[Extracted records]
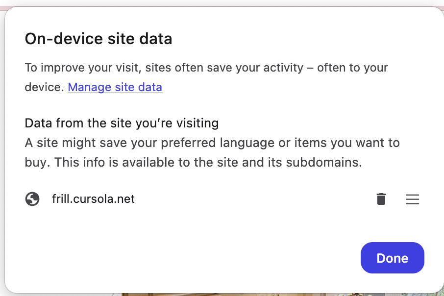 1. Click on “Manage on-device site data”
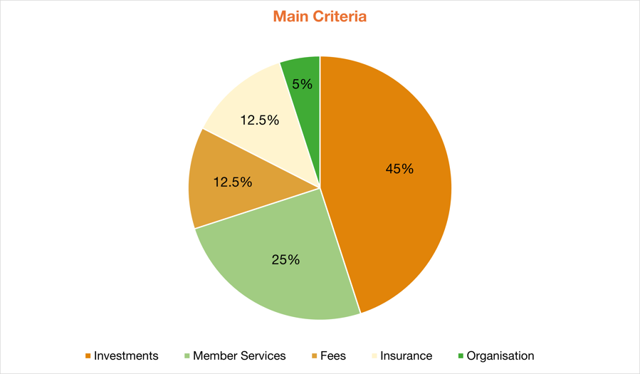 In rating super funds, we apply a methodology that has been developed over more than 20 years. This focuses on five main criteria: investments, member services, fees, insurance and organisational strengths.
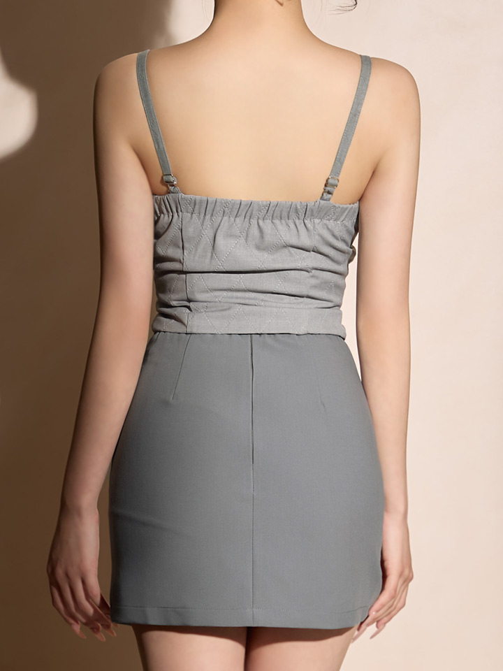 キャミ紐にあしらった装飾がさりげないアクセントになるセットアップミニドレス。
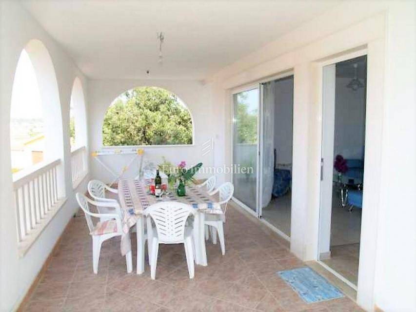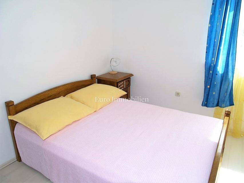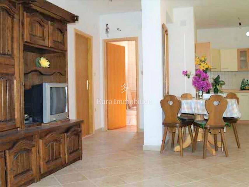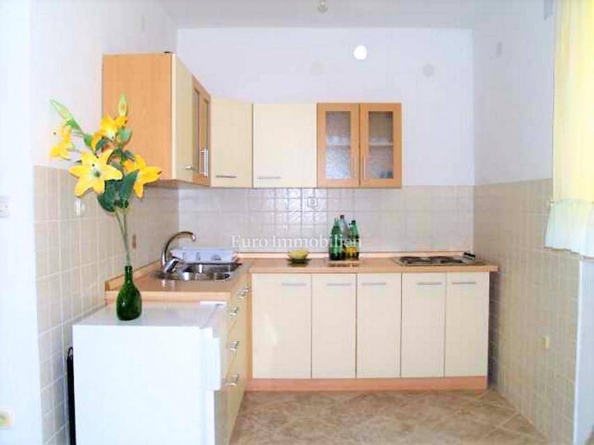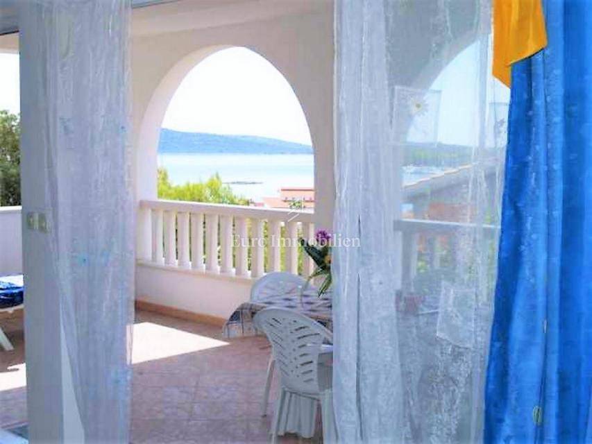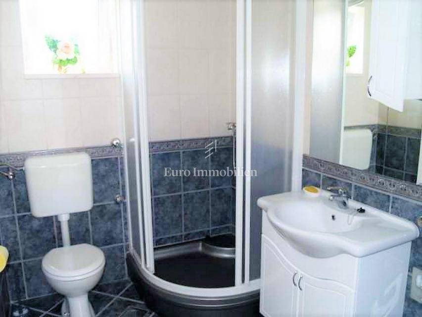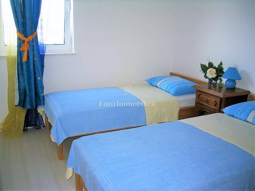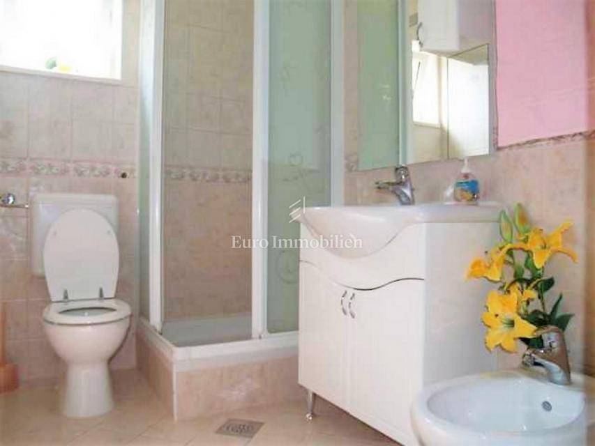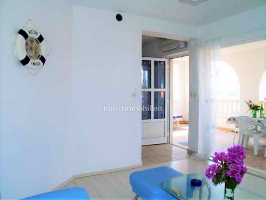 The house has a total of six apartments and a beautiful view of the sea from the spacious terraces, and it is about a 7-minute walk from the beach. The total area is 287 m2 spread over three floors or six apartments of different sizes. There is a private parking lot with seven parking spaces in the garden. There are two studio apartments and two one-room apartments on the ground floor of the house. On the first floor is a two-room apartment with access to a spacious terrace. On the second floor is a two-room apartment with a large terrace offering wonderful views. All accommodation units are furnished, equipped, and air-conditioned. Due to its excellent location, this house is ideal for tourist rental, but also as a house for summer family vacations.
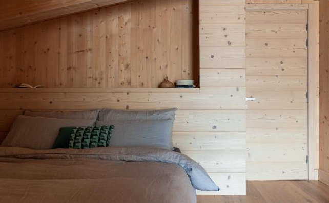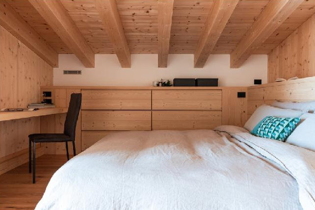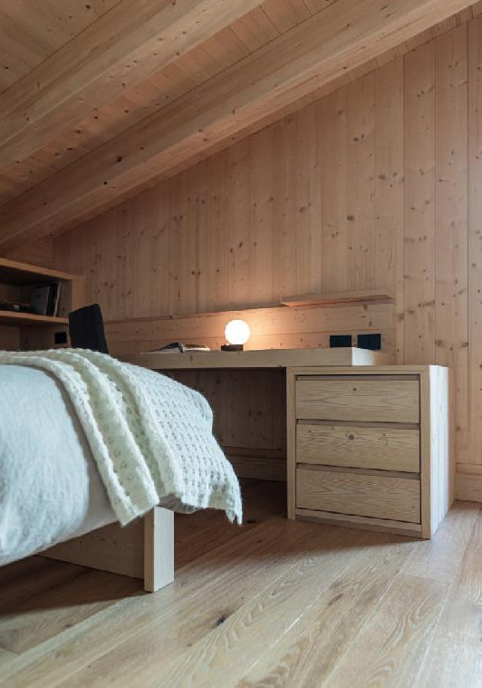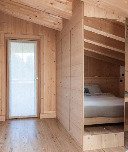 Il progetto è stato sviluppato con grande attenzione alla sostenibilità, adottando soluzioni costruttive all’avanguardia per garantire un ambiente salubre, accogliente e performante dal punto di vista termico. L’intervento ha incluso la realizzazione di una copertura e pareti in fibra di legno, materiali isolanti naturali che assicurano eccellenti prestazioni in termini di comfort climatico. Inoltre, la posa di serramenti in larice a triplo vetro ha permesso di ottimizzare l’isolamento termico e acustico, migliorando il benessere abitativo in ogni stagione.
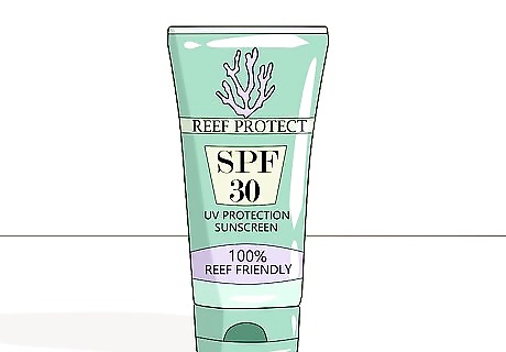 Avoid sunscreen with oxybenzone. When this chemical washes off of your body, it can kill coral reefs and pollute sea turtle habitats. Look for sunscreens that are labeled as reef safe, or check the ingredient list if you want to be sure. Sprayable sunscreens can also pollute sea turtle nests. If you prefer spray-on sunscreen, put it on indoors.
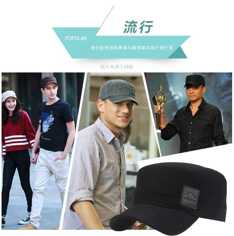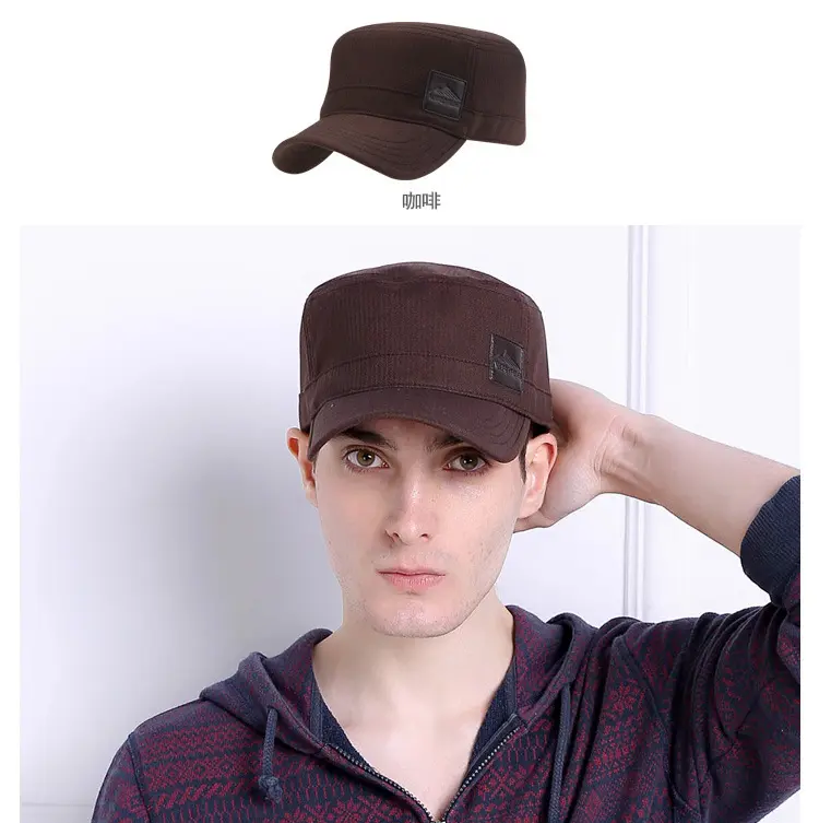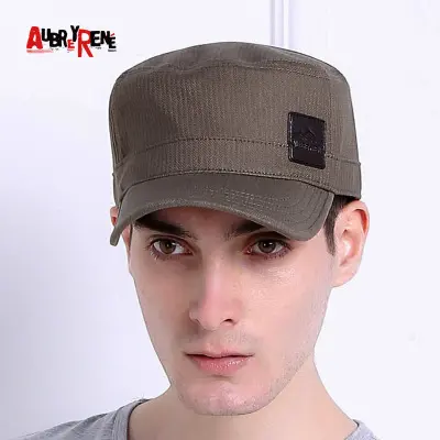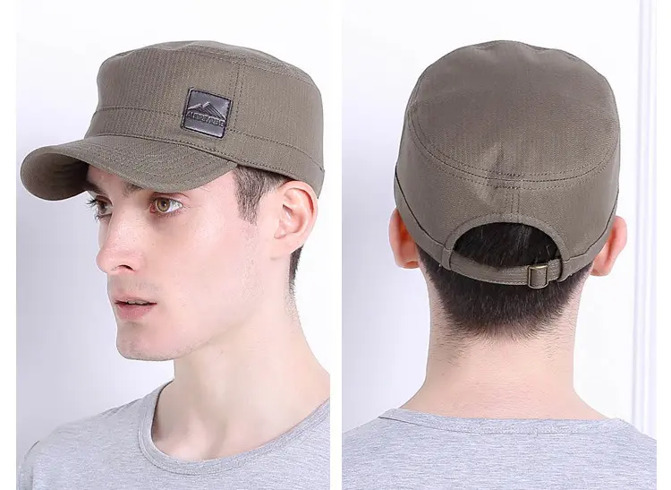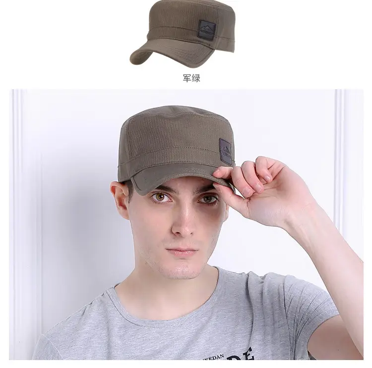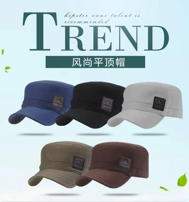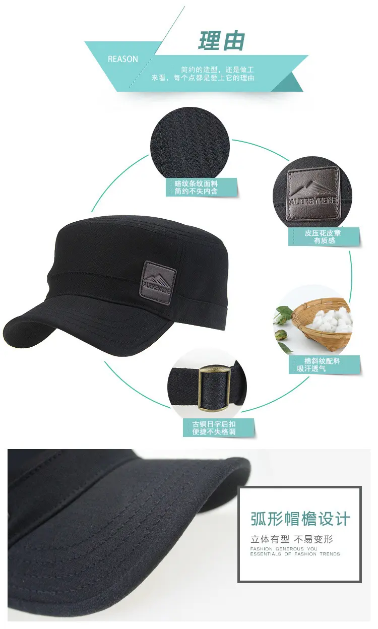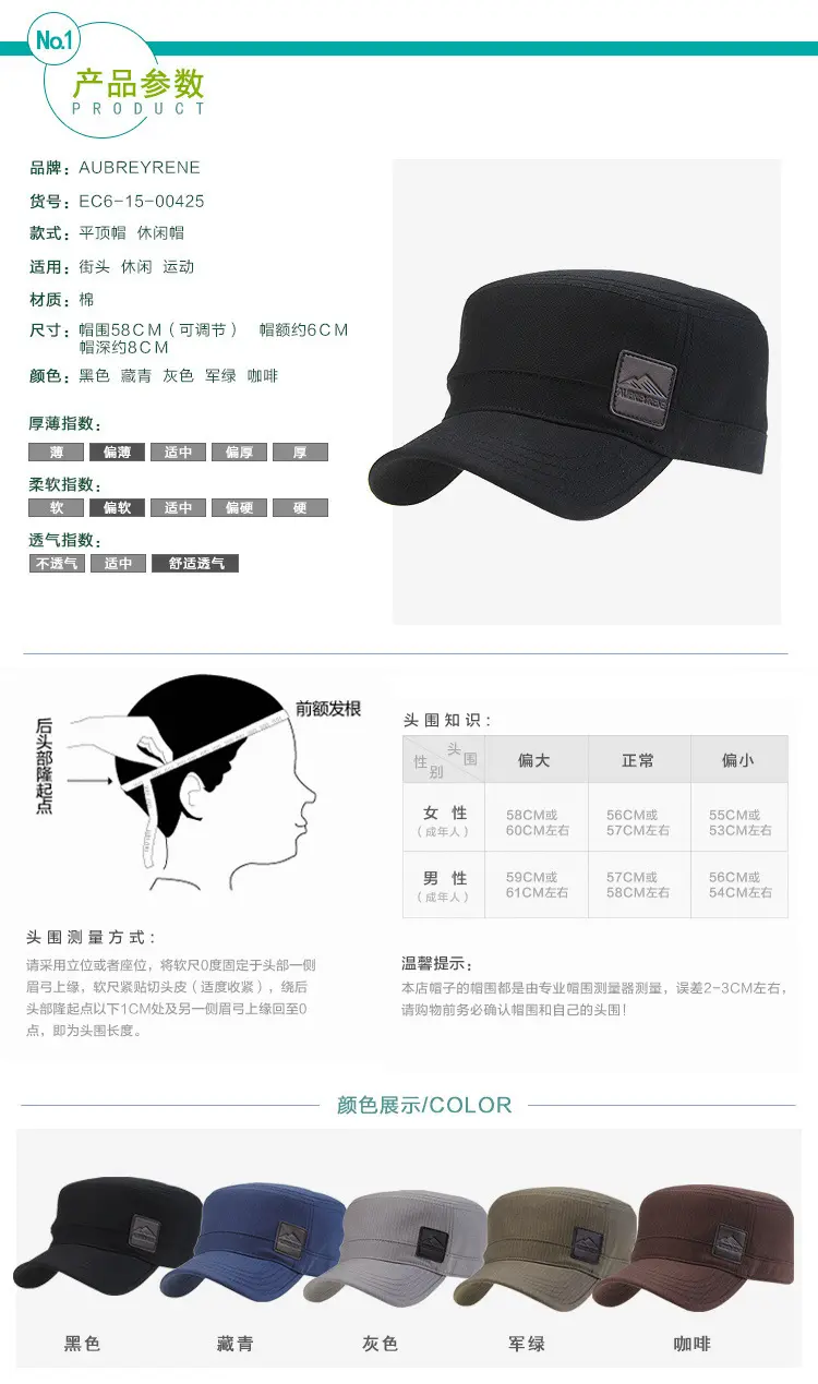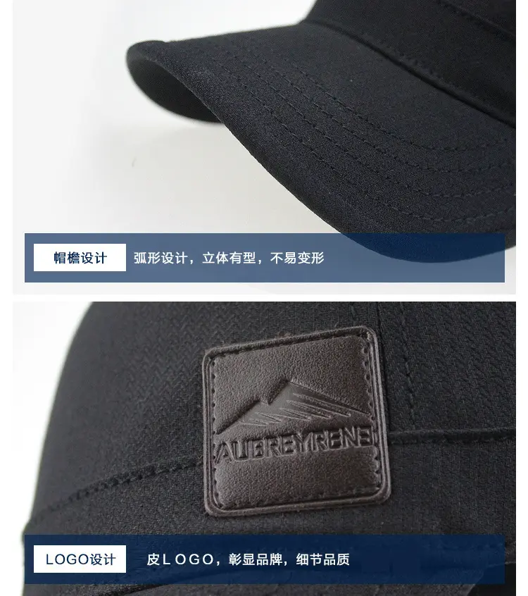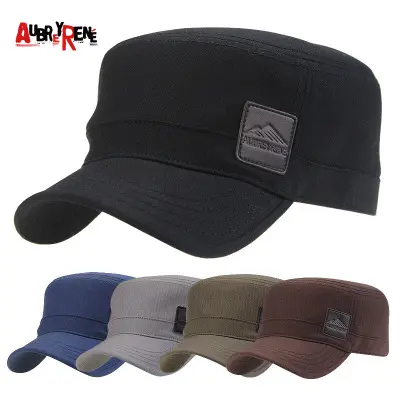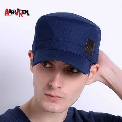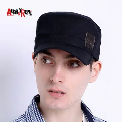 AUBREYRENE百搭春夏新款平顶众赢国际平台男士遮阳众赢国际平台真皮绣花章棉军众赢国际平台批发

About this exercise ->
Set down word for word the lines from the opening of the entries above through the line that contains "キャミ紐にあしらった装飾がさりげないアクセントになるセットアップミニドレス。", and omit every picture.

Expected answer ->
 1. Click on “Manage on-device site data”
 In rating super funds, we apply a methodology that has been developed over more than 20 years. This focuses on five main criteria: investments, member services, fees, insurance and organisational strengths.
 キャミ紐にあしらった装飾がさりげないアクセントになるセットアップミニドレス。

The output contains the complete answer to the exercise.